Since its organization in New York in 1830, The Church of Jesus Christ of Latter-day Saints (LDS Church) has had a presence in Canada. The church's first missionaries to preach outside of the United States preached in Upper Canada; the first stake to be established outside of the U.S. was the Alberta Stake; and the Cardston Alberta Temple was the first church temple built outside of the boundaries of the United States.

With the church reporting nearly 200,000 members at year-end 2021, Canada ranks as having the 4th largest body of members of the LDS Church in North America and the 12th worldwide.  The 2021 Canadian Census survey reported approximately 0.2% of the population (about 87,725 people) identified themselves as church members.

Early missionary contacts
In the winter of 1829–30, Oliver Cowdery and Hiram Page visited Upper Canada while seeking money to finance the publication of the Book of Mormon. After the publication of the Book of Mormon in March 1830, the unbaptized convert Phineas Young preached in Earnestown.

Joseph Smith and Don Carlos Smith—the first official Latter Day Saint missionaries to preach outside of the United States—visited Upper Canada in September 1830 and preached in villages north of the St. Lawrence River. In January 1832, converts Brigham and Phineas Young went to Upper Canada to convince their brother, Joseph to join the church. After Joseph's baptism, the Young brothers taught their family and friends in Canada and baptized over 150 individuals and established four branches of the church, including ones in Kingston and Sydenham.

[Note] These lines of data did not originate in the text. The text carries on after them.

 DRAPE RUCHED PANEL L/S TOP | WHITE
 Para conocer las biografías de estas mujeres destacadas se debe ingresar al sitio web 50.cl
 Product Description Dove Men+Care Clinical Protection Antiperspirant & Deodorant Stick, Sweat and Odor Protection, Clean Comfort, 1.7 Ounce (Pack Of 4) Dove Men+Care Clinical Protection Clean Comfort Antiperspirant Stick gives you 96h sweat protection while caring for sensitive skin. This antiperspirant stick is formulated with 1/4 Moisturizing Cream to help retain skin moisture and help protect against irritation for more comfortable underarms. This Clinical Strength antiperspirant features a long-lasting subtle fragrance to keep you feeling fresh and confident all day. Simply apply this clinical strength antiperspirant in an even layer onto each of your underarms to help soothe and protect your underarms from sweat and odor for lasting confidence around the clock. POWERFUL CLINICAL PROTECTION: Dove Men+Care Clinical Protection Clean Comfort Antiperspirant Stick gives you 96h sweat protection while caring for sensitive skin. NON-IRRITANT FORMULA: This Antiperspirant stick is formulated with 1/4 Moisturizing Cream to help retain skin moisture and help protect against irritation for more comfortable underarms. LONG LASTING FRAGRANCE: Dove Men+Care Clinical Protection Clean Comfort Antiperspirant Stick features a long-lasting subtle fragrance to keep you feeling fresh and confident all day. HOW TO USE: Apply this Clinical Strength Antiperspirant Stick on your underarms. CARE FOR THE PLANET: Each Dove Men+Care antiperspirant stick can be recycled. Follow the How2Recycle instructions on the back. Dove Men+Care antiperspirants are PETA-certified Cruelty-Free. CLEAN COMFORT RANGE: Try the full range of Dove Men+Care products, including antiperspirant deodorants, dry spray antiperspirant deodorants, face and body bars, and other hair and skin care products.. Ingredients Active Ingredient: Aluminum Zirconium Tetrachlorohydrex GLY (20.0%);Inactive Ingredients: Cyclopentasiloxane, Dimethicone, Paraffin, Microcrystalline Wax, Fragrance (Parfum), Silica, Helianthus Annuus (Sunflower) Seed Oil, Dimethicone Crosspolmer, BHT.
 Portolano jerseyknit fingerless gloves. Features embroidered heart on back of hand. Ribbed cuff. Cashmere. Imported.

Joseph Smith preached in Upper Canada in September 1833 with Sidney Rigdon and Freeman Nickerson. Also in 1833, future apostle, Lyman E. Johnson, preached in New Brunswick and Nova Scotia. Later, John E. Page and apostle Parley P. Pratt served successful missions to Upper Canada; Page baptized over 1,000 individuals between 1834 and 1836 and Pratt converted a number of individuals who would play a prominent role in the church, including John Taylor, Joseph and Mary Fielding, and William Law.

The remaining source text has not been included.